EXERCISE: Give back an exact repetition of the material below, from its first line through the line that contains "Contoh Kwitansi Pembayaran", both included, minus the pictures.
(ENTRIES SUPPLIED)
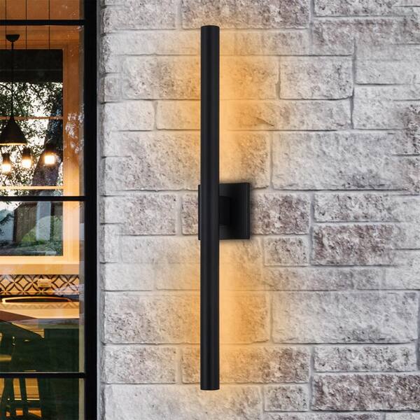 26 in. Black 2-Light 26-Watt Dimmable LED Outdoor Hardwired Wall Lantern Sconce with Frosted Glass Diffuser
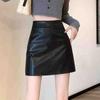 Faldas de mujer de otoño e invierno, falda delgada de cintura alta de medio cuerpo, Falda corta de cuero PU antideslumbrante versátil para mujer
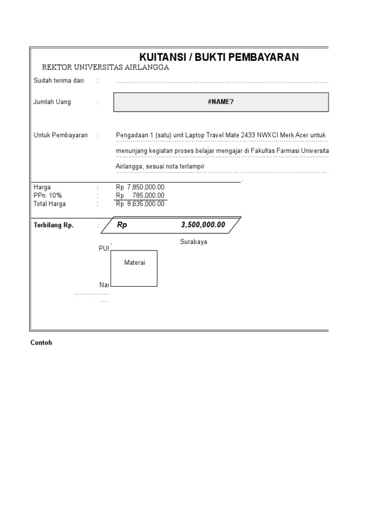 Contoh Kwitansi Pembayaran Excel Yang Benar - Dicontoh
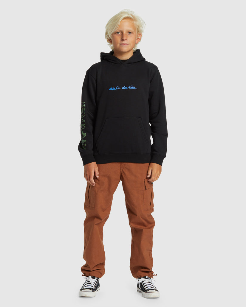 Stay geared up for any occasion, and every adventure with this Youth Boy's graphic hoodie. Made in super soft blended cotton, it features a kangaroo pouch pocket, ribbed cuff details, and a fresh range of colors and graphics giving it that signature Quiksilver style.
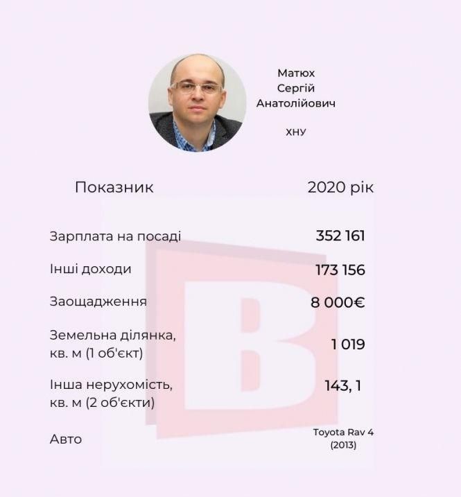 Доходи та нерухомість майже усіх керівників ми порівняли із задекларованим у 2019 році. Сергія Матюха обрали ректором Хмельницького національного університету лише минулого місяця. Тож його статки й зарплатню із попереднім роком ми не порівнювали. Раніше Сергій Матюх був проректором.
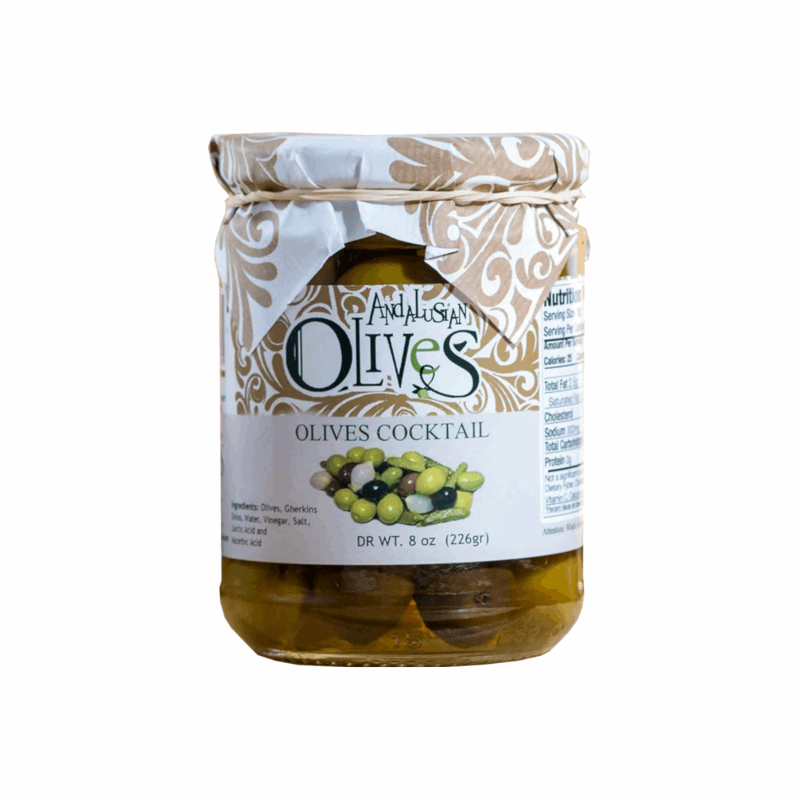 This Olives Cocktail is a mix of green olives, black olives, gherkins and onions. A delicious combination of some of the best pickles in Andalusia.
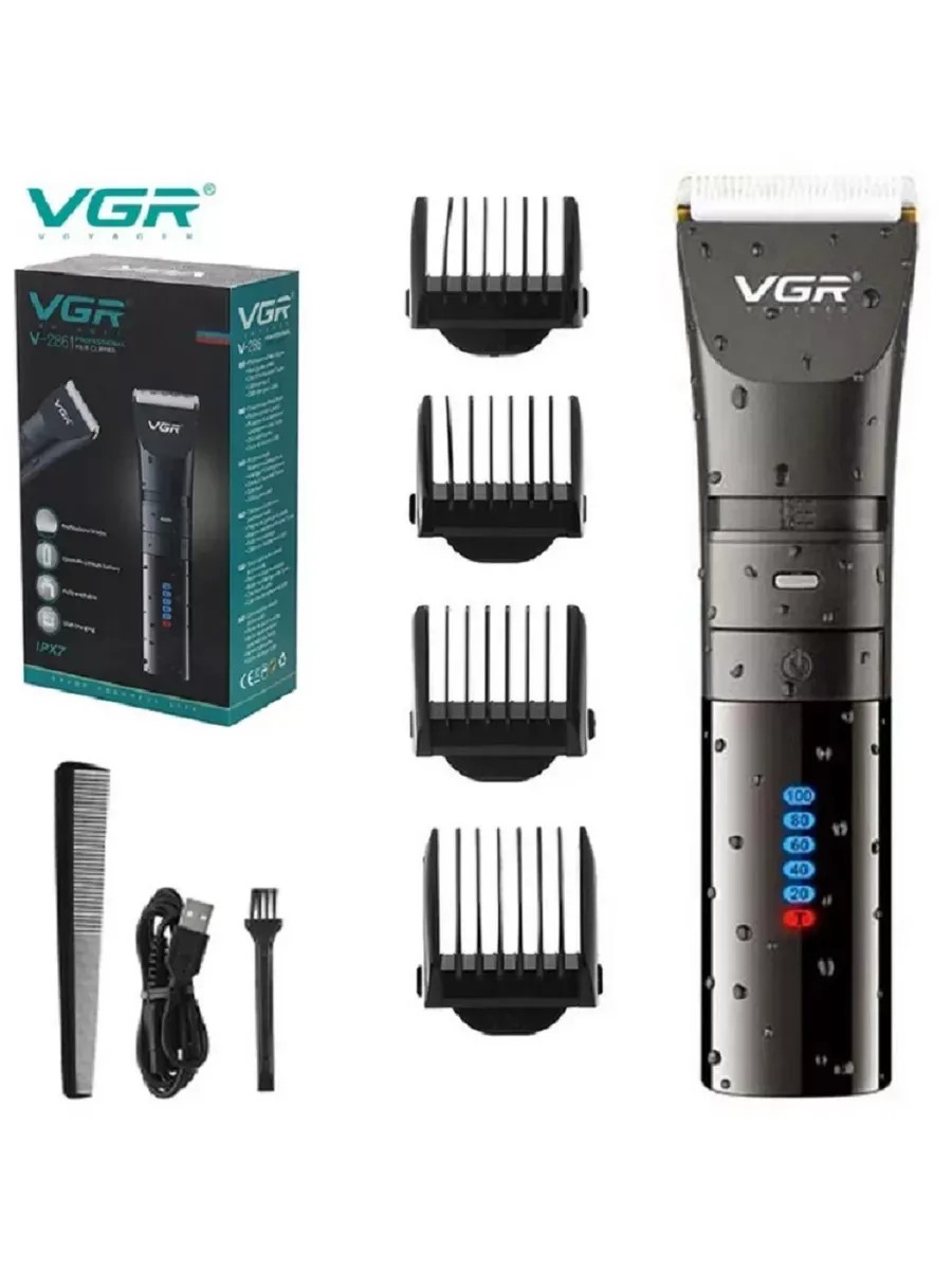 | Комплектация | расческа; щеточка для чистки; Насадки: 4-6/7-9/10-12/16-18 мм; инструкция; техническое масло; Машинка для стрижки VGR V00286; USB-кабель для зарядки |
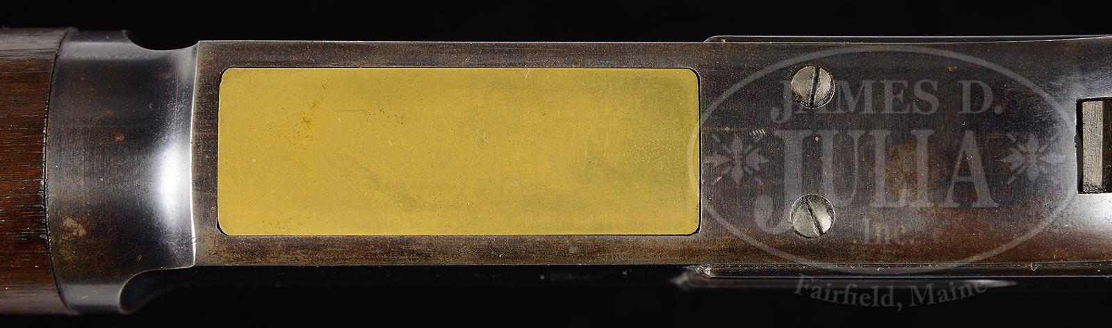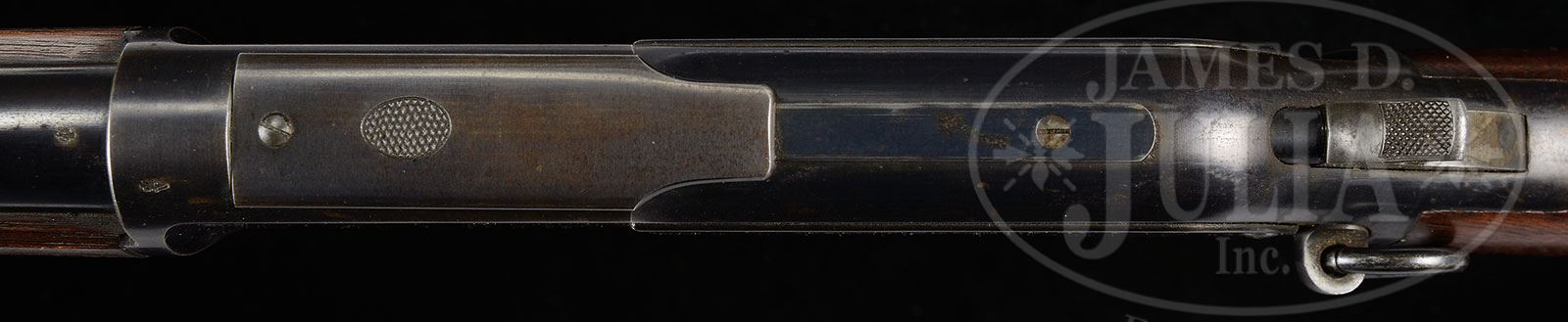 WINCHESTER MODEL 1876 SADDLE RING CARBINE WITH INSCRIBED SIDEPLATE.SN 1852. Cal. 45-75. Standard grade Saddle Ring Carbine with 22″ rnd bbl. Barleycorn front sight and Model 1866 style 2-position flip rear sight graduated “1”, “3” and “5”. Receiver is 2nd Model with attached dust cover rail and 2nd type dust cover with impressed thumb print. Left side of receiver has a stud & ring. Left sideplate is engraved “JNO. RIGBY & CO. / 72 ST. JAMES’S ST. / LONDON”. Lever has the bottom & rear faces of loop covered in brown leather. Mounted with uncheckered straight grain American walnut which includes a full length forearm and straight stock that has carbine buttplate without trap. Left side of lower tang, under the wood, is marked with two assembly numbers “339” and “386”. Both numbers are also found in top tang channel of buttstock. Buttplate is numbered “386” inside the toe. Bbl & receiver have British proofs. Very likely this carbine would have belonged to an English gentleman for hunting in Africa or India. Those rifles usually saw hard service and are often found with very little orig finish. CONDITION: Extremely fine, all matching. Bbl retains about 98% orig blue with the forend cap showing about 96% orig blue and the middle band about 95%; receiver retains about 90% orig blue, a little dulled on bottom & top edges with a few scattered chemical spots on left front flat; lever & hammer retain strong case colors, faded on outer faces; buttplate retains about 70-75% strong case colors, moderately faded. Mechanics are crisp, brilliant shiny bore. 4-55546 JR337 (17,500-27,500) – Lot 1213
(End ENTRIES SUPPLIED)
FINAL ANSWER:
 26 in. Black 2-Light 26-Watt Dimmable LED Outdoor Hardwired Wall Lantern Sconce with Frosted Glass Diffuser
 Faldas de mujer de otoño e invierno, falda delgada de cintura alta de medio cuerpo, Falda corta de cuero PU antideslumbrante versátil para mujer
 Contoh Kwitansi Pembayaran Excel Yang Benar - Dicontoh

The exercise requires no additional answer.